**Instructions to follow:**
Only one stretch of the material below is wanted: everything from the line containing "I have 5 buttons, the" down to the line containing "配包装一盒五双欧美大牌巴黎世家好看到爆炸欧美大牌高筒袜男女款", both ends included. Repeat it exactly and skip the pictures.

**Records shown:**
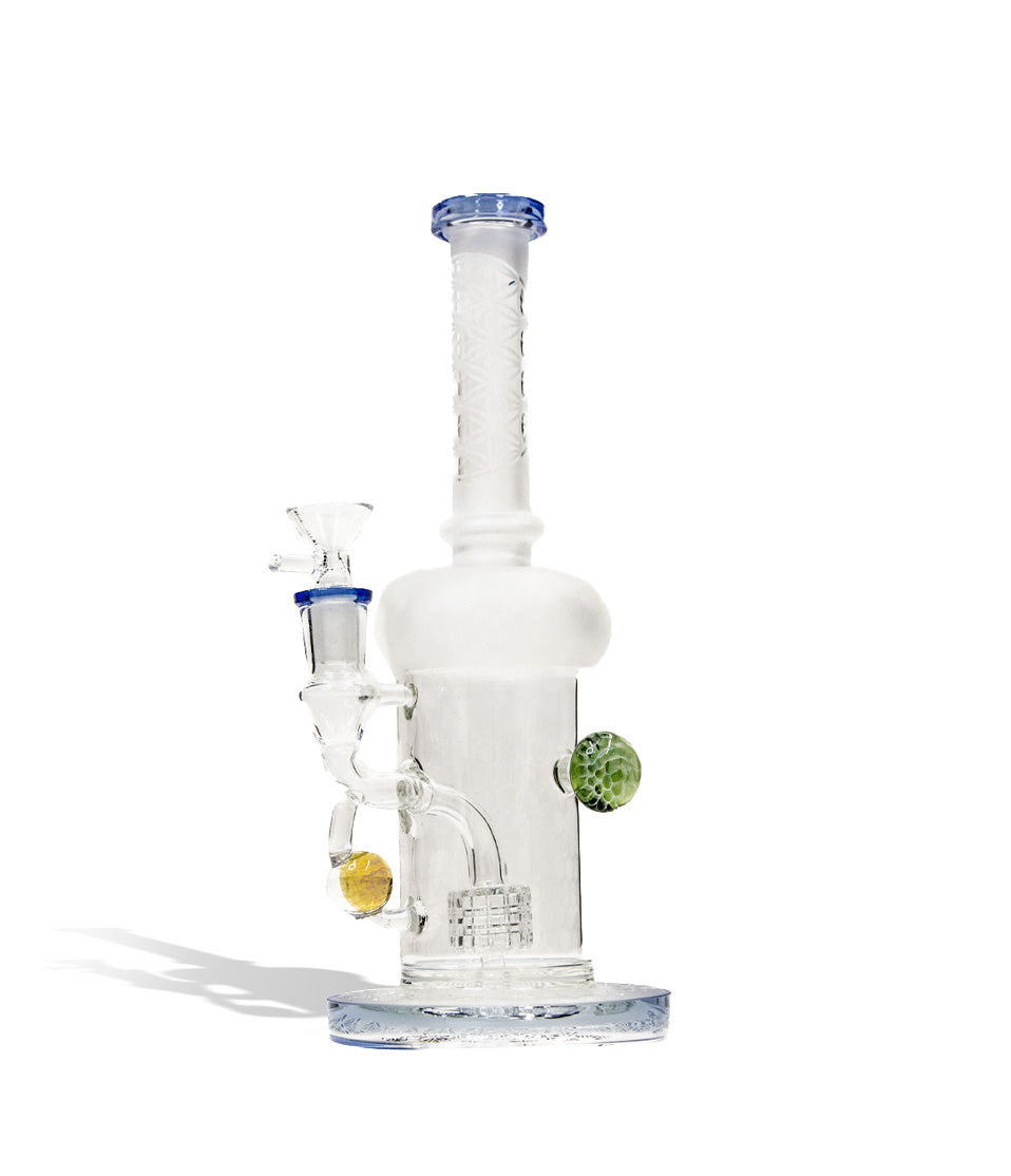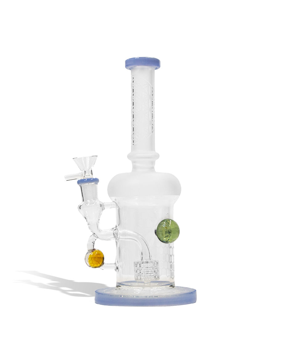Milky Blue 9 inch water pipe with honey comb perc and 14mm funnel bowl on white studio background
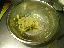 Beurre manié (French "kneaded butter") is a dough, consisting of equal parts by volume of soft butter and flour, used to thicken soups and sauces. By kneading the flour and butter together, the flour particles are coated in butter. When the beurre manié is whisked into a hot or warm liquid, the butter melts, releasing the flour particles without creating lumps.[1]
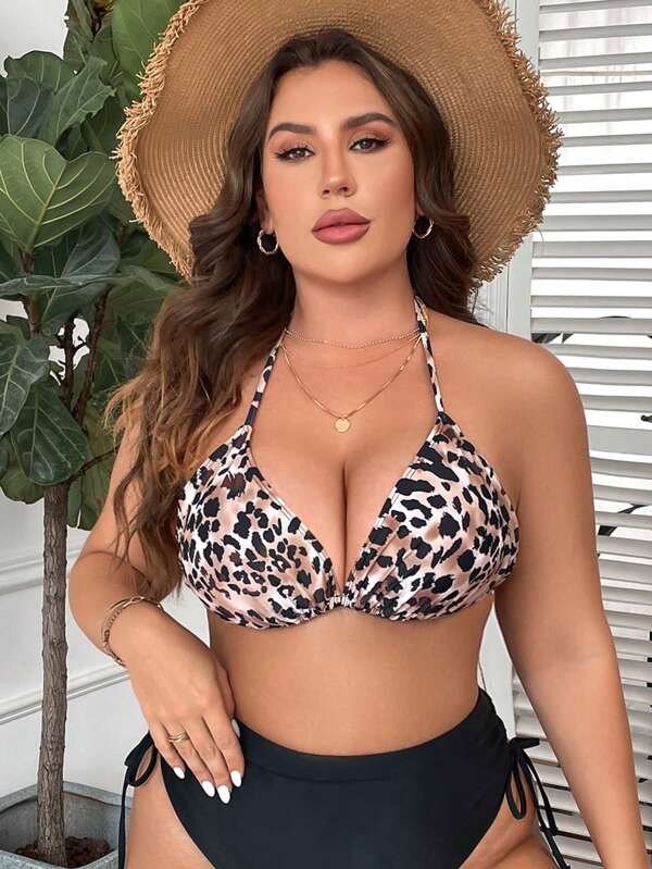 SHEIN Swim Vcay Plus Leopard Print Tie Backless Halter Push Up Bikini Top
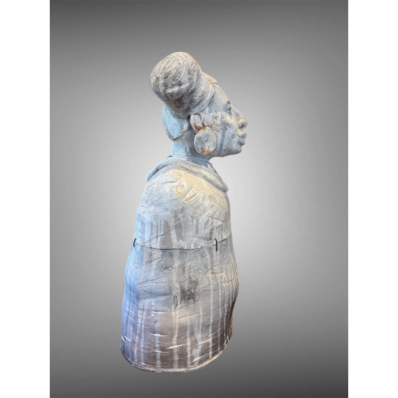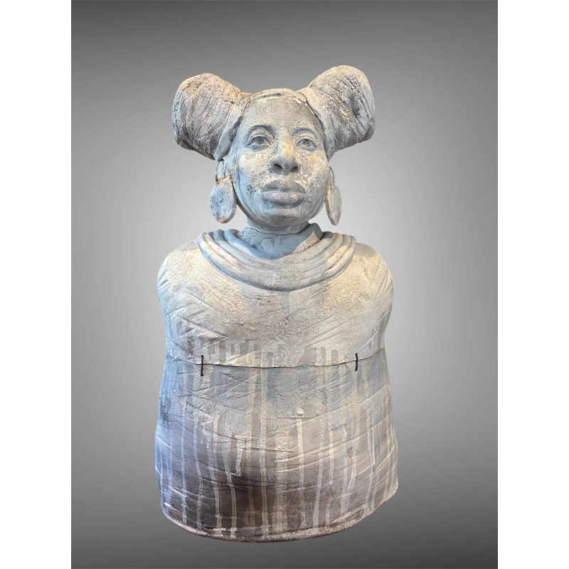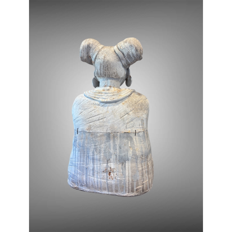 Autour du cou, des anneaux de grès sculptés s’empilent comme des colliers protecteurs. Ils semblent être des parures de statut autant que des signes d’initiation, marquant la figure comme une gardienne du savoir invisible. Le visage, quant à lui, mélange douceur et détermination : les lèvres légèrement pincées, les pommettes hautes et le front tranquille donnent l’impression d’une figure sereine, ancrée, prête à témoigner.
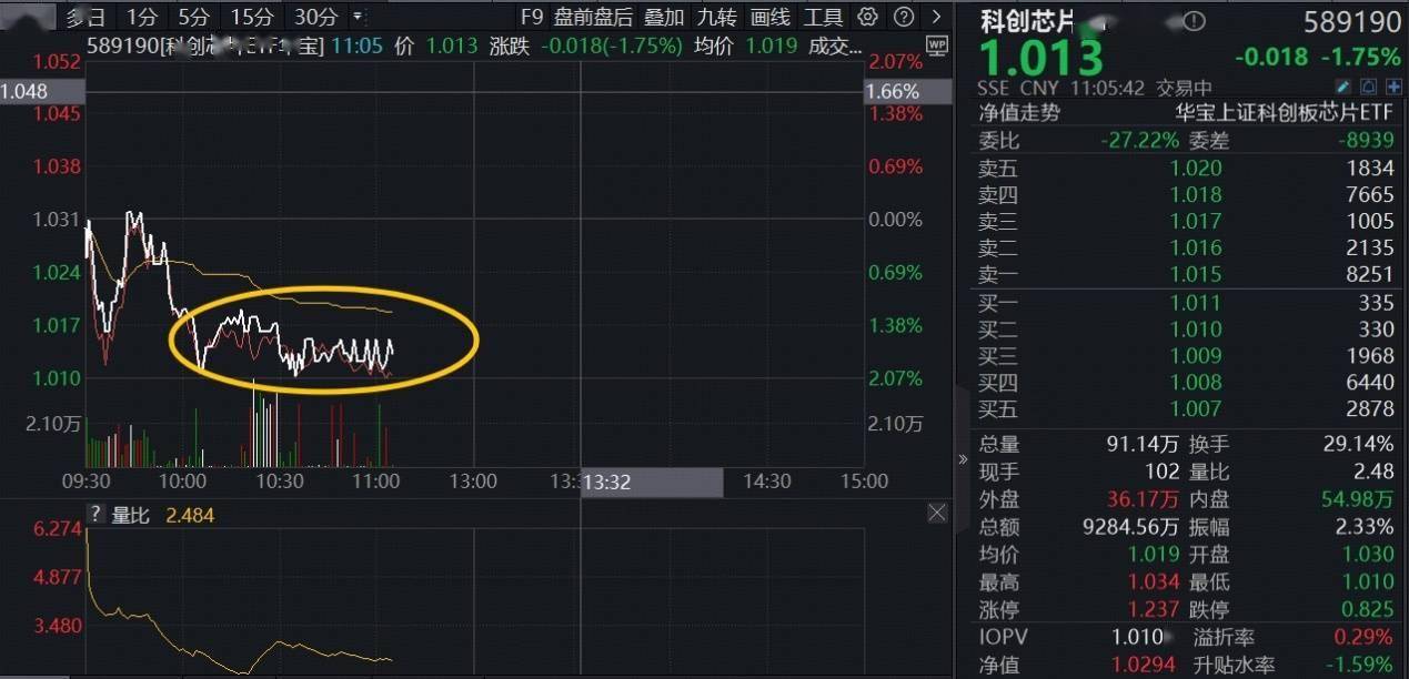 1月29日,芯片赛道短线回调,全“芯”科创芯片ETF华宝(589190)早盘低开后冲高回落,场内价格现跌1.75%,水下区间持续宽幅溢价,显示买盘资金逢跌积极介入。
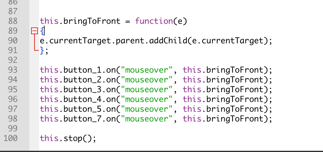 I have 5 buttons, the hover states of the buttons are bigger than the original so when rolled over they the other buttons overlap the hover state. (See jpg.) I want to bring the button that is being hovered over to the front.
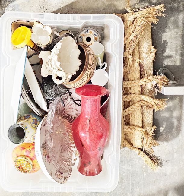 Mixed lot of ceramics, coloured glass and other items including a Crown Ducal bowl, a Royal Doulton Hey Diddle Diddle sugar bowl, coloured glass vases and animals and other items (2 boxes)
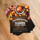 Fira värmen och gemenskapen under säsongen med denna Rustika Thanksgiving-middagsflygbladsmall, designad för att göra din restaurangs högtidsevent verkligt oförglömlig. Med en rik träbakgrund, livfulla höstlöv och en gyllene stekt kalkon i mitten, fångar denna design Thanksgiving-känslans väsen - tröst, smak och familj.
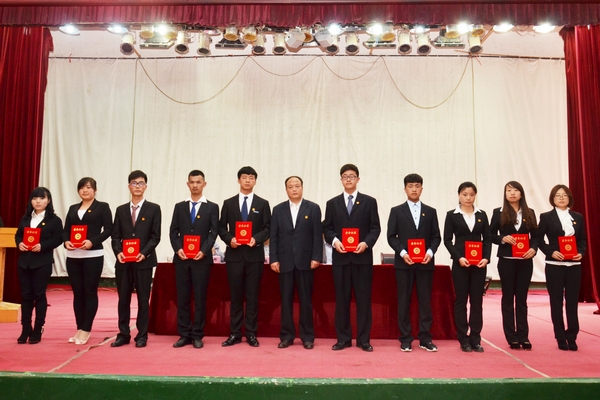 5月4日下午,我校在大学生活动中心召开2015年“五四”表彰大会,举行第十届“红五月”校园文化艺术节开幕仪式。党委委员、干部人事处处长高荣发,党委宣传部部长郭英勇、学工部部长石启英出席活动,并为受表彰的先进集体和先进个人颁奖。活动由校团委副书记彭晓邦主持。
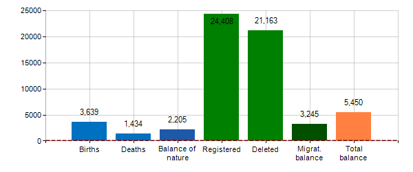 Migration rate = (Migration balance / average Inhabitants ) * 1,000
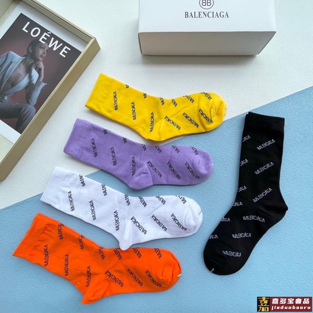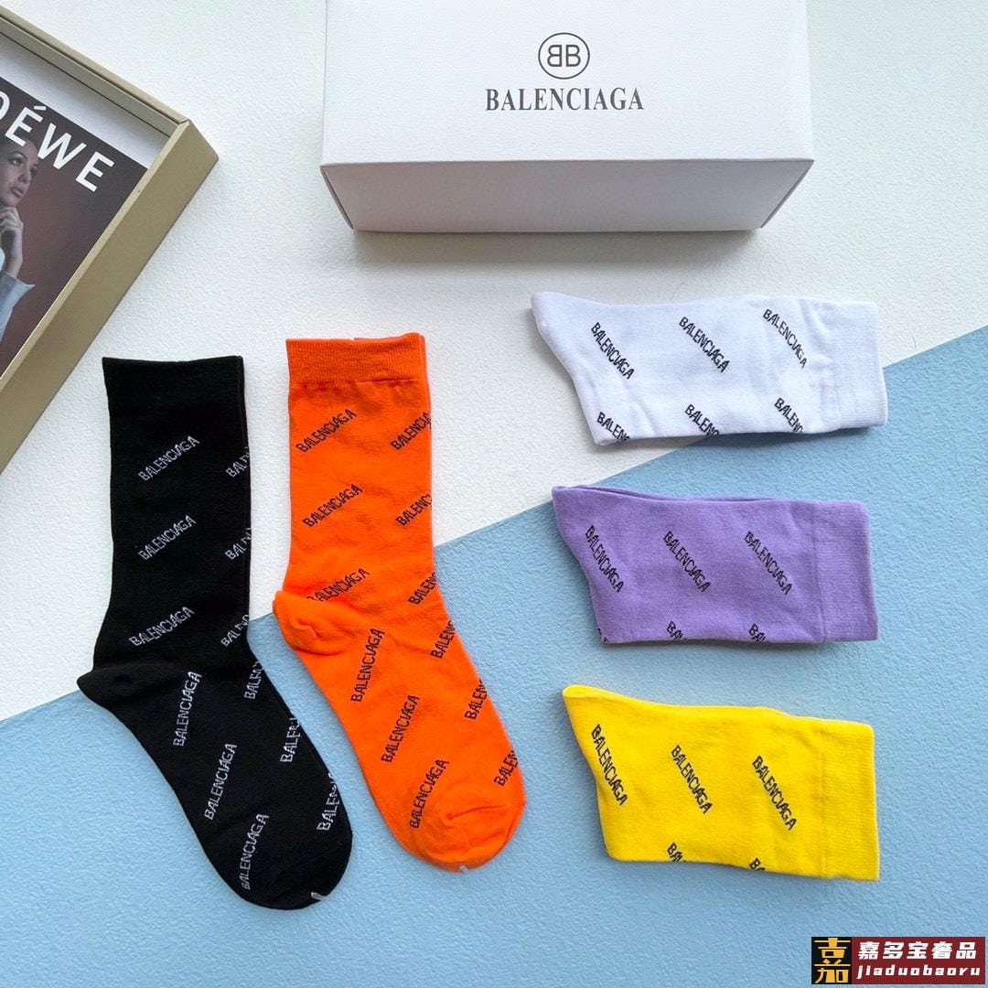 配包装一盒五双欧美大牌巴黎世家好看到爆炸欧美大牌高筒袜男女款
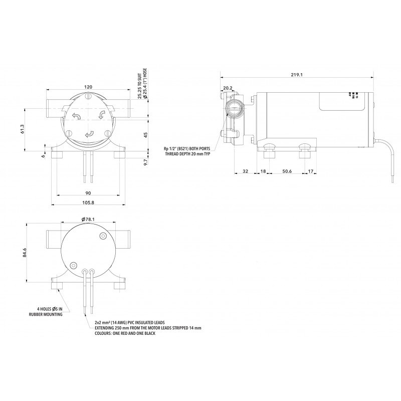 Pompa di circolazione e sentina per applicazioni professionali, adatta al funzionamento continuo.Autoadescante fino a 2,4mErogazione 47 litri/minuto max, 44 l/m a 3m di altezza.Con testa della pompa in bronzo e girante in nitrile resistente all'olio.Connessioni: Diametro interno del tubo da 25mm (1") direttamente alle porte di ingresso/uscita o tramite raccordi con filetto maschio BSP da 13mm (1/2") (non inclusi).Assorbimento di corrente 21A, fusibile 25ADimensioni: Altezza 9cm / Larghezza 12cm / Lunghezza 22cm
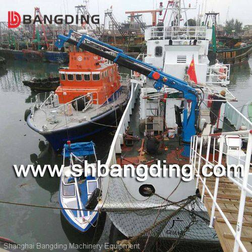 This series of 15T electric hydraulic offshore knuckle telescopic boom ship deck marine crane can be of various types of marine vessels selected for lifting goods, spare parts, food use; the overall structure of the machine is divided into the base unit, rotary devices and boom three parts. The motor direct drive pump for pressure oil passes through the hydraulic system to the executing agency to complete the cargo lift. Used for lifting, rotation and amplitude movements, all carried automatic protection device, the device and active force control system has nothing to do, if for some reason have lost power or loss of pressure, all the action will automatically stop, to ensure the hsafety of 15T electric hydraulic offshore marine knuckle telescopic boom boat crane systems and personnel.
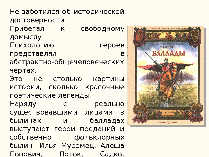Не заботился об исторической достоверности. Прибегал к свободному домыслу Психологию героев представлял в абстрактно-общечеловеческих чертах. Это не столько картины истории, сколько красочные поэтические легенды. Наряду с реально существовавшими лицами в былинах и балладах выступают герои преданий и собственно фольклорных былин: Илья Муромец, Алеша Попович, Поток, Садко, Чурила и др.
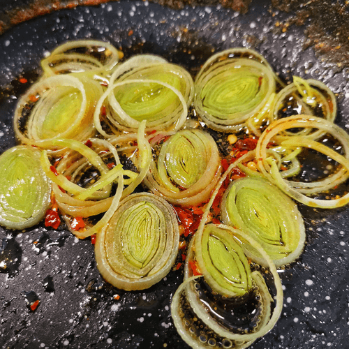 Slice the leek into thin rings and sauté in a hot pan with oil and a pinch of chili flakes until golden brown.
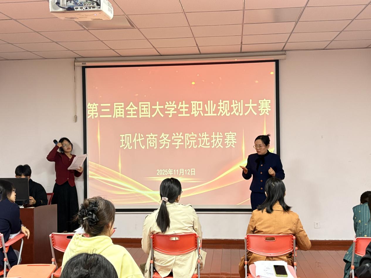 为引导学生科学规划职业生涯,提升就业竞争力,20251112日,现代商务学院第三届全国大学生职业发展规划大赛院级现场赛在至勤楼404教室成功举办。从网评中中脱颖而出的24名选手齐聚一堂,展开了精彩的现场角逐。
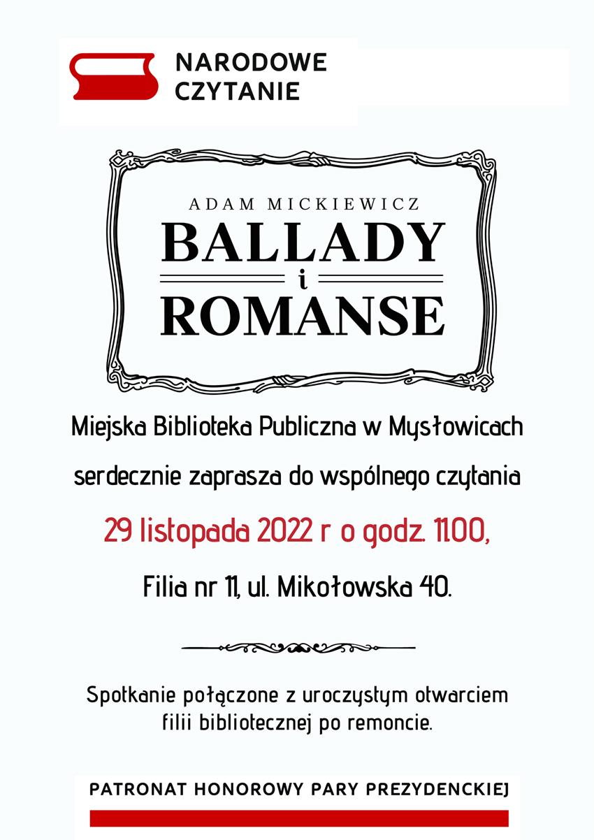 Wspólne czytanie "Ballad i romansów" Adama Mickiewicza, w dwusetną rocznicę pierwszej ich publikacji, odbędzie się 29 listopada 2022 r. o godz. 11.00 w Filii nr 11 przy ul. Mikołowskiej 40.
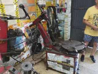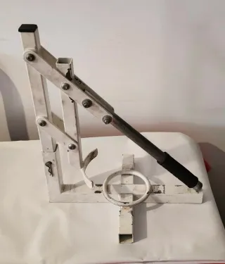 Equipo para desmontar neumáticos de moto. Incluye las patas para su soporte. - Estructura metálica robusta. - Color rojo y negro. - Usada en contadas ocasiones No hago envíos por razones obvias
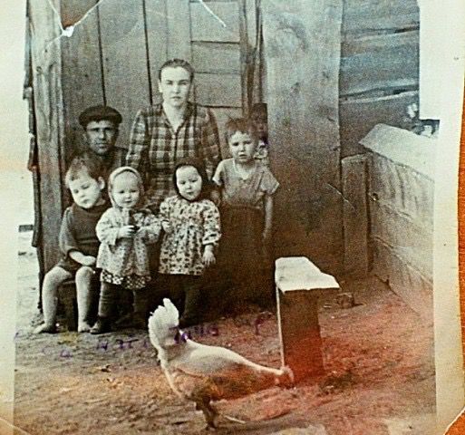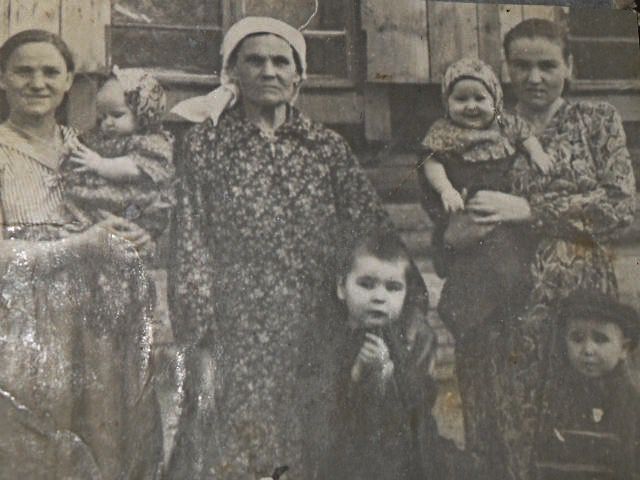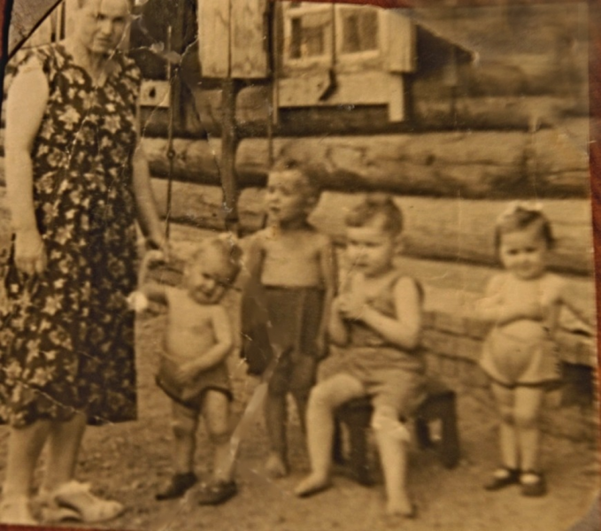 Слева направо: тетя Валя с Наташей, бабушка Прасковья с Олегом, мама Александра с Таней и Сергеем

**Task result:**
 I have 5 buttons, the hover states of the buttons are bigger than the original so when rolled over they the other buttons overlap the hover state. (See jpg.) I want to bring the button that is being hovered over to the front.
 Mixed lot of ceramics, coloured glass and other items including a Crown Ducal bowl, a Royal Doulton Hey Diddle Diddle sugar bowl, coloured glass vases and animals and other items (2 boxes)
 Fira värmen och gemenskapen under säsongen med denna Rustika Thanksgiving-middagsflygbladsmall, designad för att göra din restaurangs högtidsevent verkligt oförglömlig. Med en rik träbakgrund, livfulla höstlöv och en gyllene stekt kalkon i mitten, fångar denna design Thanksgiving-känslans väsen - tröst, smak och familj.
 5月4日下午,我校在大学生活动中心召开2015年“五四”表彰大会,举行第十届“红五月”校园文化艺术节开幕仪式。党委委员、干部人事处处长高荣发,党委宣传部部长郭英勇、学工部部长石启英出席活动,并为受表彰的先进集体和先进个人颁奖。活动由校团委副书记彭晓邦主持。
 Migration rate = (Migration balance / average Inhabitants ) * 1,000
 配包装一盒五双欧美大牌巴黎世家好看到爆炸欧美大牌高筒袜男女款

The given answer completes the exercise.